Hayata eşitsiz şartlarda başlayan, gerçekten dilenmek zorunda kalanların bu kadar çok olduğu bir dünyada, sistemden kaynaklanan bir sorun olduğu tartışılmaz bir gerçek. Dilenmek ve ‘sınıfaltı’ kesimin varlığı, sistemin insana uyguladığı şiddetin bir sonucu. Sistemin sonucunu kişilerin üzerine yüklemek de büyük haksızlık... Biz onlar hakkında “Duygu sömürüsü yapıyorlar, onlar da çalışsınlar, para verince iyice alışırlar” gibi şeyler söylerken onların yaşadığı çok daha korkunç; onlar ölmemeye çalışıyor... Bu düşüncelerden sıyrılıp iki liramla birlikte Taksim meydanına doğru yürüdüm. Karşıdan karşıya geçmem zaman aldı çünkü hiçbir araba bana yol vermedi, elimle “1 dakika” dememe rağmen durmadılar.
“DELİYE BENZEMİŞSİN KIZIM” | Galatasaray’a doğru giderken bir simitçide durdum.
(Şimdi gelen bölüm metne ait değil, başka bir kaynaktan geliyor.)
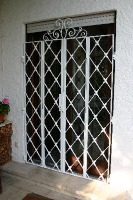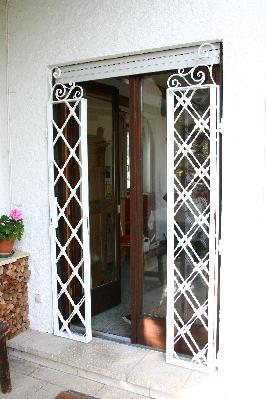 Türgitter, welches zum Öffnen gefaltet wird, da seitlich des Einganges sehr wenig Platz ist. Ausführung in Stahl, grundiert und lackiert, der Aufsatz ist handgeschmiedet.

Hiçbir şey söylemeden simitçinin beni görmesini bekledim. Gördü, bir süre daha sustum. Sonunda, “Simit mi istiyorsun, al” diyerek bana bir simit uzattı. Haber yaptığımı söyleyerek parasını uzattım, “Dilenciden çok deliye benzemişsin kızım” diyerek güldü.
KALBİM KIRILDI | Yolda yürürken yaklaştığım her kişi benden kaçtı. Sanki oturup avuç açmamı daha güvenli buluyorlardı, yürürken benden daha çok rahatsız olmuşlardı. Gözlerime bakmadan üzerimden geçen acıma, garipseme ve huzursuzluk dolu bakışlar kalbimi kırmaya başladı
Benim de onlar gibi, gülen, ağlayan, rüya gören, acıkan bir insan olduğumu unutmuşa benziyorlardı. Birini dışlamak, kendinden ayırmak ne kadar da kolaydı! Hiç var olmasam daha iyi gibiydi... Bu his içime işledi, kendimi hayli kötü hissettim çünkü kendime bakışımı da etkiliyordu. Gerçekten bu durumda olan insanların kendileriyle ilişkisinin ne kadar hırpalanmış olabileceğini tahayyül etmekte zorlandım.